## REQUIRED WORK
Reproduce verbatim all of the data given below, but do not carry over the images.

## DATA SHOWN
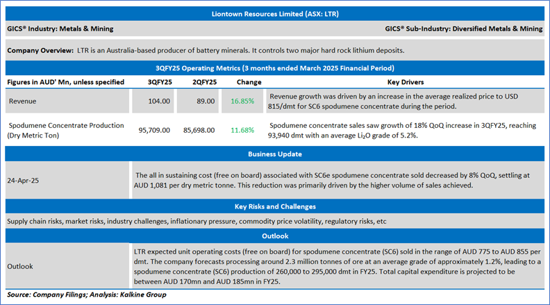 The stock has witnessed a dip of ~23.70% in the last 3 months, and over the past nine months, it has decreased by ~44.32%. The stock has a 52-week low and 52-week high of AUD 0.420 and AUD 1.535, respectively, and is currently trading below the 52-week high-low average. LTR was last covered in a report dated ‘11 April 2025’.
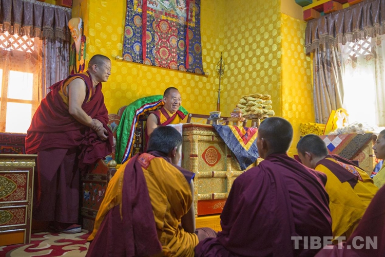 圖為(wei) 班禪在納塘寺抽查僧人背誦經典 攝影:歐帆
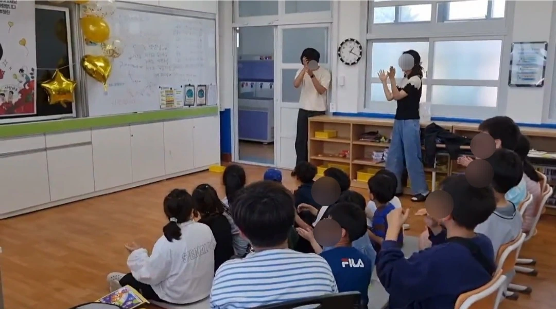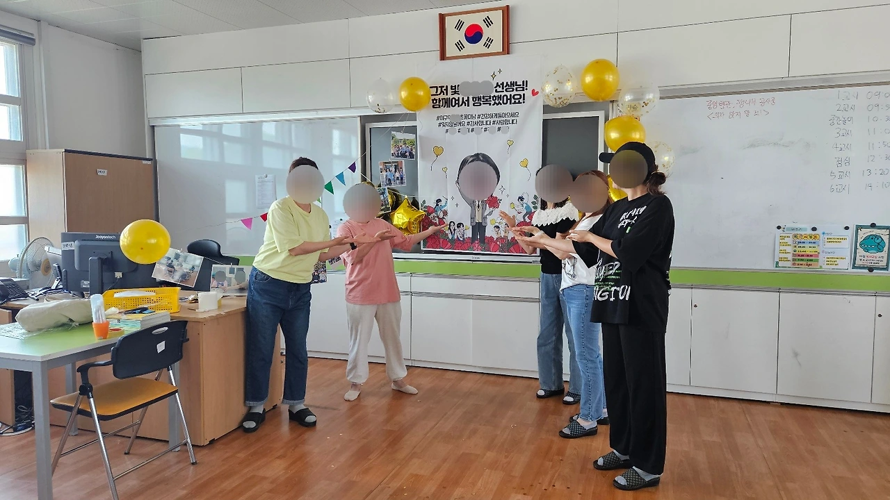 앞문이 열리는 순간, 우리는 교실 전등을 환하게 켰고, 앞에서 대기하고 있던 몇몇 아이들은 선생님을 향해 꽃가루를 날렸다. 그리고 노래가 시작됐다.

## ANSWER SPACE
 The stock has witnessed a dip of ~23.70% in the last 3 months, and over the past nine months, it has decreased by ~44.32%. The stock has a 52-week low and 52-week high of AUD 0.420 and AUD 1.535, respectively, and is currently trading below the 52-week high-low average. LTR was last covered in a report dated ‘11 April 2025’.
 圖為(wei) 班禪在納塘寺抽查僧人背誦經典 攝影:歐帆
 앞문이 열리는 순간, 우리는 교실 전등을 환하게 켰고, 앞에서 대기하고 있던 몇몇 아이들은 선생님을 향해 꽃가루를 날렸다. 그리고 노래가 시작됐다.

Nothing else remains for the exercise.